Playing the Indian Card

Tuesday, June 09, 2020

Wild in the Streets



Napoleon emerges: 13 Vendemiaire; the "whiff of greapeshot"

Good luck, all my fellow superannuated hippies. You know that revolution we were all calling for in the Sixties? Looks as though we might finally get it.

What we are seeing in the US is starting, I think, to look like a revolution in progress.

We are at that inflection point at which nobody seems to be in charge, and events move so quickly that it is like a spinning wheel—the basic image of the “revolution”—and you cannot guess where that wheel will stop. The situation seems to change daily. Now we seem to be in the Jacobin phase, when everyone is rushing to the most extreme position they can think of to try to stay in front of the mob—and to seize control, which seems up for grabs, for themselves. Rioting? Defund the police!

How will it end? Actually, we can guess pretty easily where the wheel will stop. Revolutions almost always end in a more authoritarian government: a Napoleon, a Hitler, a Mao, a Lenin, a Cromwell, an Ayatollah Khomeini. A few revolutions that do not: those with a generally recognized leadership from the beginning, who can impose some order. That is something we conspicuously do not have here: who are the leaders of Black Lives Matter? Do any names come to mind? Who are the leaders of Antifa?

Archbishop Vigano has written a letter to Trump, claiming that the “Deep State” is behind all this, and behind them, the Freemasons. I do not believe in such conspiracy theories. There is nobody in control. It all looks planned for destruction because there is a Devil—evil itself has an independent intelligence, a Logos, and works in transpersonal coordination towards its purposes.

When things devolve into chaos, the common man then craves nothing so much as order. From any quarter. This is a golden opportunity for any prospective dictator.

No, if it comes to that, it isn’t going to be Trump. If this is the revolution, the dictator is almost always someone insignificant in the eyes of the world at this early stage. Nobody knew much about Stalin in 1917; or about Hitler, a mere corporal, in the Great War; or Napoleon, in 1789.

First, the revolution devours all existing leadership. Then it devours its children.

Nothing seems more pathetic than, yesterday, images of a worried-looking Mitt Romney leading a march declaring “Black Lives Matter.” Or police chiefs lying prostrate, or washing the feet of the nearest man with dark skin. They imagine this will save them. Whatever happens now, such people will never again hold positions of leadership. The revolutionaries will want someone uncompromised. And so will the reactionaries.

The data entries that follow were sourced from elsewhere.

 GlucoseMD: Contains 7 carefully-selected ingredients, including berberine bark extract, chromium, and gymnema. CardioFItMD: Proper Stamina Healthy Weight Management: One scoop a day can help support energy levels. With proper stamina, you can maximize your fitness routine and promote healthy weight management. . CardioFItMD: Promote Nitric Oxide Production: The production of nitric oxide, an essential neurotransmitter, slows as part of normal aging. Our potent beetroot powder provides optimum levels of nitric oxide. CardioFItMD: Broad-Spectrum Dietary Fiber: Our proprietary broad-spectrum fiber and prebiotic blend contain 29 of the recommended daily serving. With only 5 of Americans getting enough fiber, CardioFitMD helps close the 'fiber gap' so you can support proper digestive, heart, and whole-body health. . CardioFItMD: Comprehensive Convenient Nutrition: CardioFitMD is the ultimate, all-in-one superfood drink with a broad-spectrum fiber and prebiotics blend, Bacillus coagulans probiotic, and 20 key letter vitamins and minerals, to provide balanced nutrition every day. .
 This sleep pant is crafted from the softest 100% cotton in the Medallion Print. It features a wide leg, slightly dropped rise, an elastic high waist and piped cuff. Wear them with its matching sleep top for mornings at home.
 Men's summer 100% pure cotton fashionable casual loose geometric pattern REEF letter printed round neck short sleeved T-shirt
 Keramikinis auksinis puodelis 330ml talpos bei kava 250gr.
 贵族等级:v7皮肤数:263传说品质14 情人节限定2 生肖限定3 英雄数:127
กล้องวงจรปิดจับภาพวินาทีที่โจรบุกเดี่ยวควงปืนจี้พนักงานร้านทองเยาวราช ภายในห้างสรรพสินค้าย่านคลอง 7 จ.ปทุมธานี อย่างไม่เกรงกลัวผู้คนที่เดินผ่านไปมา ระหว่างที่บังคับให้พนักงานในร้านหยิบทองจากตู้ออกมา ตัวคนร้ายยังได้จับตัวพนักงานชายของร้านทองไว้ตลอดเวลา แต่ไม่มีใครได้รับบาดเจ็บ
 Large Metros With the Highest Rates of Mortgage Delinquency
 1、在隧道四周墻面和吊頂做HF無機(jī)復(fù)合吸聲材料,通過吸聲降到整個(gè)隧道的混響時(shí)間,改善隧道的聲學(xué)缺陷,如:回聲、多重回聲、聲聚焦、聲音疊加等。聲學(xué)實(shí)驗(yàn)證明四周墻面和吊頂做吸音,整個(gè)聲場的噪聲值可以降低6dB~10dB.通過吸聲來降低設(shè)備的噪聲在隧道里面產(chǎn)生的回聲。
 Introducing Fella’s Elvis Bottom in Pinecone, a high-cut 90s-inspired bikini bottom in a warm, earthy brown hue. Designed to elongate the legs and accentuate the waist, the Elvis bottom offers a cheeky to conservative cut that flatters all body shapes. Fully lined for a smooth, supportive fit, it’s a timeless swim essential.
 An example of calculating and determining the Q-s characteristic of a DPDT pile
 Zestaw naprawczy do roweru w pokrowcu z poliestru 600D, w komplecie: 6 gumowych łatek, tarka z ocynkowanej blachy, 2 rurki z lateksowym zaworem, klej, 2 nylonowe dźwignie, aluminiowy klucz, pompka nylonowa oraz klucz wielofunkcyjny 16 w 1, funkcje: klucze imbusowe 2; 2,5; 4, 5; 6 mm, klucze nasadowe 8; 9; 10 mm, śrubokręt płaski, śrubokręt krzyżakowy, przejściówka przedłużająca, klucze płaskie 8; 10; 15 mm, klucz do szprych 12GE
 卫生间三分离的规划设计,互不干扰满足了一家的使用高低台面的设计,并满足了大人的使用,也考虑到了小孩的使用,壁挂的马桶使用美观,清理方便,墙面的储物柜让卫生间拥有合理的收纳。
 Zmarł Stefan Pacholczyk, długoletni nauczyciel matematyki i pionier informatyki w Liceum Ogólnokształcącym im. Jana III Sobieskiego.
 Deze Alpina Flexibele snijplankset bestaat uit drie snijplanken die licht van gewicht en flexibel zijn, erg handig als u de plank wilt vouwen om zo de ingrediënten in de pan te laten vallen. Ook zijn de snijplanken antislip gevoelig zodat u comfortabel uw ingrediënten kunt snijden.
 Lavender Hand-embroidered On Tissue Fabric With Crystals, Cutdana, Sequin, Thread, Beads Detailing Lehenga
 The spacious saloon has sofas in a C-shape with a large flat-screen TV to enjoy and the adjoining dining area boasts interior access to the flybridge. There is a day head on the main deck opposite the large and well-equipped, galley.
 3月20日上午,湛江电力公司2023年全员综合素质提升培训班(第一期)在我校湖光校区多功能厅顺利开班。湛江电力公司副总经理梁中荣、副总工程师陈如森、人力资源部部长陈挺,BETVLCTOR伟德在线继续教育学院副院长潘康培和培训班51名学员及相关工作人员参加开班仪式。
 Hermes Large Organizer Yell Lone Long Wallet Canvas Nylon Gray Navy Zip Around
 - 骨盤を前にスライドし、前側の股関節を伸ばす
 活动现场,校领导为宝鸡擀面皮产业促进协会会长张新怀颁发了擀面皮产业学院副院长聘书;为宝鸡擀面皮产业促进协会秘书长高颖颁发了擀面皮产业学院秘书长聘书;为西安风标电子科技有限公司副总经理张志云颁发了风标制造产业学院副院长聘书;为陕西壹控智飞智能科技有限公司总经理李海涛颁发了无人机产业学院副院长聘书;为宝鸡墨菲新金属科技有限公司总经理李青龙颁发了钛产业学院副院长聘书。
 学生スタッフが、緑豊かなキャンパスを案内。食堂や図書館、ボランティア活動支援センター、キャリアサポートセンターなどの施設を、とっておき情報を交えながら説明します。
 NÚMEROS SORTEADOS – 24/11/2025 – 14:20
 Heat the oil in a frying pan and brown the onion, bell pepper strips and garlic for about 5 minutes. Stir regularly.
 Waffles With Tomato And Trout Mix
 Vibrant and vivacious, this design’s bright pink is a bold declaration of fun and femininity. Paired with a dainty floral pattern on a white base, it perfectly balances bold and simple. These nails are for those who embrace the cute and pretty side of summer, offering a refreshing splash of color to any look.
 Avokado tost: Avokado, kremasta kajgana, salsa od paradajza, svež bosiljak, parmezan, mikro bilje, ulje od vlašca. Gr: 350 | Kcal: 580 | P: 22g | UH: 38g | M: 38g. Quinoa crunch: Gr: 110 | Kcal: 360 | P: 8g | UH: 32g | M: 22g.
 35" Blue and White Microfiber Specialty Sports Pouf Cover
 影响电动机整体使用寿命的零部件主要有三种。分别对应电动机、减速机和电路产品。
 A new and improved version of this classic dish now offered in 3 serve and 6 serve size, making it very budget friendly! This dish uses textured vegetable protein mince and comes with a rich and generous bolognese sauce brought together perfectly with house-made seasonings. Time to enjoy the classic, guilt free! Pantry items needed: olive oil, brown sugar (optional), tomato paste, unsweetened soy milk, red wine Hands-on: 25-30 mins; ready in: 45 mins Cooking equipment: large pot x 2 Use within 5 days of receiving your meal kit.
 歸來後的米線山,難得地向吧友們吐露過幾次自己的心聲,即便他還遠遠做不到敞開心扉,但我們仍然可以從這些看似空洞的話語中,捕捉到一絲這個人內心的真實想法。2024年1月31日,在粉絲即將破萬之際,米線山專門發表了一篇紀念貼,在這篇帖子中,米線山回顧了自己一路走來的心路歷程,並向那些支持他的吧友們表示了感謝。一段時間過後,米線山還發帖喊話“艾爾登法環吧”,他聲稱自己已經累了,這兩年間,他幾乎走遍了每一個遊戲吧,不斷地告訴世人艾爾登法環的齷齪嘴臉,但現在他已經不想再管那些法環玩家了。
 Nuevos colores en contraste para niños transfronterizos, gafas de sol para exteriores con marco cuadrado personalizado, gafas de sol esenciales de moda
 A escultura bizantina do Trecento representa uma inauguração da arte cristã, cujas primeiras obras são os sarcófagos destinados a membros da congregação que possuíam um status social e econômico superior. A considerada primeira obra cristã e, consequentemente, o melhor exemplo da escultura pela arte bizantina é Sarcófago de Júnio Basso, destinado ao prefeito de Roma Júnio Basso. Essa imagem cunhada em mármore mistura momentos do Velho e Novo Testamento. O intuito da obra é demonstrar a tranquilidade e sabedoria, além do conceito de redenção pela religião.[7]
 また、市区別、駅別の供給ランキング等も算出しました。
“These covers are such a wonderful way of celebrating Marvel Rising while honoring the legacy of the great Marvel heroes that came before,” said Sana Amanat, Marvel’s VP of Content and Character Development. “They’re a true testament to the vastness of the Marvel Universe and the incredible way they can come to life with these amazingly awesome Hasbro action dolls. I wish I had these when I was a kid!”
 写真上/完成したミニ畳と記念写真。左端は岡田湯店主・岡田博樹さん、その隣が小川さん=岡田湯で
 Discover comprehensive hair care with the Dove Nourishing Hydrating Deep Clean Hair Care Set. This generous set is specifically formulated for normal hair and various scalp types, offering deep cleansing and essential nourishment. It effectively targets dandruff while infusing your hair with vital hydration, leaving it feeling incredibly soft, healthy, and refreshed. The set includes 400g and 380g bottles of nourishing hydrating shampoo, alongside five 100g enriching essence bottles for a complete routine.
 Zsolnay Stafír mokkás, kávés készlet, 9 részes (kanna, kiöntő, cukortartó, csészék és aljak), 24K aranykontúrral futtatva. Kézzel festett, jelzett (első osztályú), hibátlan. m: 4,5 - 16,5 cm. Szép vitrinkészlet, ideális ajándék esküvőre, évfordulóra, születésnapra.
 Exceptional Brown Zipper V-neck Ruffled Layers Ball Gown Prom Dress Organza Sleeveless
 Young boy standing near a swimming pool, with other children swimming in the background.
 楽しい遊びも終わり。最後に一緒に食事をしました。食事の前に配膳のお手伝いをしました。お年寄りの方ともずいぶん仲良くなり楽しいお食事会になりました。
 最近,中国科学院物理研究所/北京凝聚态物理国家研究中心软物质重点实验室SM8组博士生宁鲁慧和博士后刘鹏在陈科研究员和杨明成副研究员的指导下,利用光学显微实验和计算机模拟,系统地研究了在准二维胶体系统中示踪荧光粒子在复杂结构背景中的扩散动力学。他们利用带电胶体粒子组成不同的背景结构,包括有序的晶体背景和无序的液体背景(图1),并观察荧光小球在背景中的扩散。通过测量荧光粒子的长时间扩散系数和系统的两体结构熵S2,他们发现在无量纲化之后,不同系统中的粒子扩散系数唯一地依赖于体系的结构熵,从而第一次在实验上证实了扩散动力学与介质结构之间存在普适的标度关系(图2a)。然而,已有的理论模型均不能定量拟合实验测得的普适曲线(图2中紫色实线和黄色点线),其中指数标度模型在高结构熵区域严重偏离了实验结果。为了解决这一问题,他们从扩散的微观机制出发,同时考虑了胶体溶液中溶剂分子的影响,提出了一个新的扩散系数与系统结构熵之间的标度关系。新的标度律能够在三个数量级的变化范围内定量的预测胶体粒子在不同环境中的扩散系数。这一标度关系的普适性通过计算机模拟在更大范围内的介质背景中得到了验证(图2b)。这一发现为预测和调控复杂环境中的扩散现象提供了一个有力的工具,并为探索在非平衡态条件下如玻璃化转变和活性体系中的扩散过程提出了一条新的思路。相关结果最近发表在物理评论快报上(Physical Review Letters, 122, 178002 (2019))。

With any luck, the machinery of civil society that the founders set up, that has withstood everything for perhaps two hundred and fifty years, will weather this tempest too. With any luck, Trump is the man who can hold things together. If he just stands absolutely firm in his rhetoric—only his rhetoric--and things hold together well enough to hold a real election in November, things can still work out. Democracy is designed to inoculate against revolution and mob rule.

But we are suddenly remarkably close to the breaking point.